Thanks, that's why I was requesting that information, with that, I wanted to 
check, is it a delay in provisioning or attaching?. 
from the initial reply, it looks like this is on attaching and not on provisioning
side. 

> 
> Will update later this bz with test result for OCP v4.3 + OCS v4.4

Sure.

Comment 14 Humble Chirammal 2020-05-19 12:55:35 UTC
[Side note]

I was going through the must gather and other log directory mentioned in c#4, unfortunately I couldn't fetch or figure out the logs. There are many logs, but I don't see any logs belonging to CSI. Can you relook at whether this has CSI pod details pertaining to this test?

Comment 15 Humble Chirammal 2020-05-19 13:19:09 UTC
(In reply to Raz Tamir from comment #10)
> Thanks Elvir,
> 
> Based on this info, marking as regression

I don't think this qualifies as a regression. 

Few things to summarize:

1) iic, 1500 pods per 3 nodes are the supported/qualified limit ( maybe this is documented too). But, whether we scale this limit with each 3 node cluster iteration is still a question for me. Say, 12 nodes, are we saying we could support 6000? say 24 nodes, 12000?

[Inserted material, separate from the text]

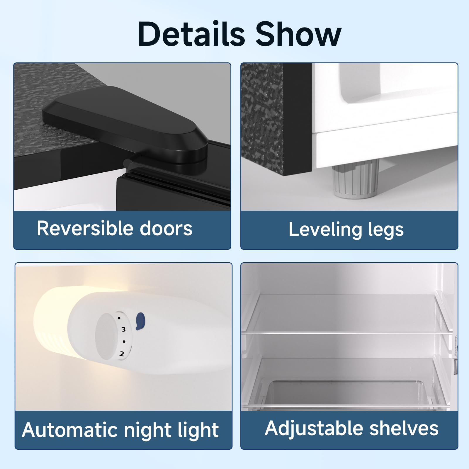 BANGSON apartment size fridge comes with reversible doors to fit your preference. The automatic night light in the refrigeration compartment makes it easy to locate items in the dark. The bottom leveling legs allow it for stable placement on uneven surfaces. It also includes an ice tray, a defrost tool, and an egg shelf.

2) Also this is not about pods are not coming up, rather iic, its about **delay** in pod getting spawned. If thats the concern in previous releases we would have told, the pods will be up and running say 'X' amount of time. Actually drawing such conclusion is really difficult as it depends on many other things.

Comment 16 Yaniv Kaul 2020-05-19 14:33:22 UTC
The matrix Elvir gave above makes it clear it's a regression. If it's a reason to block the release - surely it isn't, for two reasons:
1. We believe it's an edge case - in the high end of the scale.
2. It is, as you've commented, just a delay, not a clear failure.

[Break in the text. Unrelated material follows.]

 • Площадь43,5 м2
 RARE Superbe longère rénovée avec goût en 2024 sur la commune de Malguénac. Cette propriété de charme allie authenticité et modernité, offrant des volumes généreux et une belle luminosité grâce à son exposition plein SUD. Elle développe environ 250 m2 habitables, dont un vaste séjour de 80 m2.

(I'm still very interested to understand where it's coming from).

Michael, thoughts?

Comment 18 Yaniv Kaul 2020-05-19 16:51:44 UTC
Please describe your VMware setup.
Are you sure the hypervisors, NICs or storage is not overloaded?

Comment 20 Humble Chirammal 2020-05-20 03:29:14 UTC
(In reply to Yaniv Kaul from comment #16)
> The matrix Elvir gave above makes it clear it's a regression. If it's a
> reason to block the release - surely it isn't, for two reasons:
> 1. We believe it's an edge case - in the high end of the scale.
> 2. It is, as you've commented, just a delay, not a clear failure.
> 
> (I'm still very interested to understand where it's coming from).
> 


I am almost sure that, this is coming from either OCP sidecars or from kubelet/controller shipped with OCP 4.4. 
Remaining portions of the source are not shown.